> _DATASET ENTRIES_
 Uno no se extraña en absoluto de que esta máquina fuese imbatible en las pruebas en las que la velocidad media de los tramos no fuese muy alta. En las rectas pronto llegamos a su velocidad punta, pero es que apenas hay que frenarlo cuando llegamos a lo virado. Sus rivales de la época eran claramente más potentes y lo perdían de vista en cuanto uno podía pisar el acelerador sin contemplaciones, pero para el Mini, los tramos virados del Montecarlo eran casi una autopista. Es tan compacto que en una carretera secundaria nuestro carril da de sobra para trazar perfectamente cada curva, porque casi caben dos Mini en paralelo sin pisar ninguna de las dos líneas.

--

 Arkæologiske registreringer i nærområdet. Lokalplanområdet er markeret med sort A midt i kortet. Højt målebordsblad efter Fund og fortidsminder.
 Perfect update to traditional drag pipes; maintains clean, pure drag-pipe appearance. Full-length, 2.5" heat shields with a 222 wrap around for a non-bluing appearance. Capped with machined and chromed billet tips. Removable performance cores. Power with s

---

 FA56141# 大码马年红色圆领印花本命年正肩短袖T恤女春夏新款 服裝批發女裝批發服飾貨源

> _PROBLEM_
Set down only the lines above that fall between the line holding "Arkæologiske registreringer i" and the line holding "Perfect update to", inclusive, keeping each exact.

> _YOUR SOLUTION_
 Arkæologiske registreringer i nærområdet. Lokalplanområdet er markeret med sort A midt i kortet. Højt målebordsblad efter Fund og fortidsminder.
 Perfect update to traditional drag pipes; maintains clean, pure drag-pipe appearance. Full-length, 2.5" heat shields with a 222 wrap around for a non-bluing appearance. Capped with machined and chromed billet tips. Removable performance cores. Power with s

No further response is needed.